| How to complete this task |
The data should be written out in full, exactly as it stands, and the pictures dropped.

| Source material |

++++++++

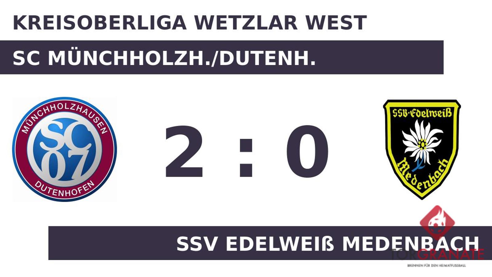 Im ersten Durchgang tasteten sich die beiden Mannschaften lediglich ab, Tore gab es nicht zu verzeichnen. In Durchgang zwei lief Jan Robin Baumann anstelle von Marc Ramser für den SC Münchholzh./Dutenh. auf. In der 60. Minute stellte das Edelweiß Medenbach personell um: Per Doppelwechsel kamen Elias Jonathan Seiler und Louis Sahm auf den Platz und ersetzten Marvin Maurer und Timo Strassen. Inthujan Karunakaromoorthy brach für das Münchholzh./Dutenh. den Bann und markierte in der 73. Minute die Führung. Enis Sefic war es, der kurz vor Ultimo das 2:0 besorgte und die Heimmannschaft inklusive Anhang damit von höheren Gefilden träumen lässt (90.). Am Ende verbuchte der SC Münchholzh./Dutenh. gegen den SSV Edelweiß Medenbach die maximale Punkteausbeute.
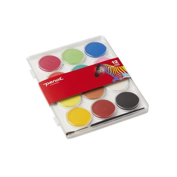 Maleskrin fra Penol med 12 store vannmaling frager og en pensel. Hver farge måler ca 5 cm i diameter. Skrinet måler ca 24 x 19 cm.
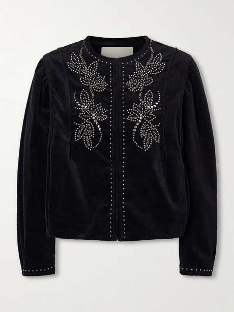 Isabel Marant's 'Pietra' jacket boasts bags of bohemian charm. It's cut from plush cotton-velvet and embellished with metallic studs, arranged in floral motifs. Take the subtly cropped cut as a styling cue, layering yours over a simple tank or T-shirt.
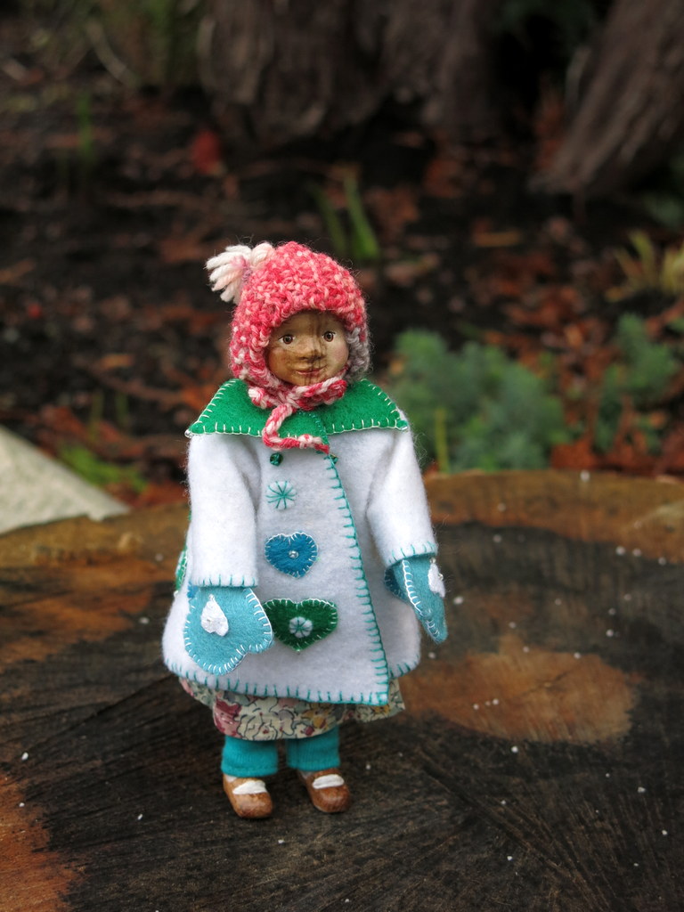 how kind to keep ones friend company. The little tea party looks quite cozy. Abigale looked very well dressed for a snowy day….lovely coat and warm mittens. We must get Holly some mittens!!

++++++++

| Answer space |
 Im ersten Durchgang tasteten sich die beiden Mannschaften lediglich ab, Tore gab es nicht zu verzeichnen. In Durchgang zwei lief Jan Robin Baumann anstelle von Marc Ramser für den SC Münchholzh./Dutenh. auf. In der 60. Minute stellte das Edelweiß Medenbach personell um: Per Doppelwechsel kamen Elias Jonathan Seiler und Louis Sahm auf den Platz und ersetzten Marvin Maurer und Timo Strassen. Inthujan Karunakaromoorthy brach für das Münchholzh./Dutenh. den Bann und markierte in der 73. Minute die Führung. Enis Sefic war es, der kurz vor Ultimo das 2:0 besorgte und die Heimmannschaft inklusive Anhang damit von höheren Gefilden träumen lässt (90.). Am Ende verbuchte der SC Münchholzh./Dutenh. gegen den SSV Edelweiß Medenbach die maximale Punkteausbeute.
 Maleskrin fra Penol med 12 store vannmaling frager og en pensel. Hver farge måler ca 5 cm i diameter. Skrinet måler ca 24 x 19 cm.
 Isabel Marant's 'Pietra' jacket boasts bags of bohemian charm. It's cut from plush cotton-velvet and embellished with metallic studs, arranged in floral motifs. Take the subtly cropped cut as a styling cue, layering yours over a simple tank or T-shirt.
 how kind to keep ones friend company. The little tea party looks quite cozy. Abigale looked very well dressed for a snowy day….lovely coat and warm mittens. We must get Holly some mittens!!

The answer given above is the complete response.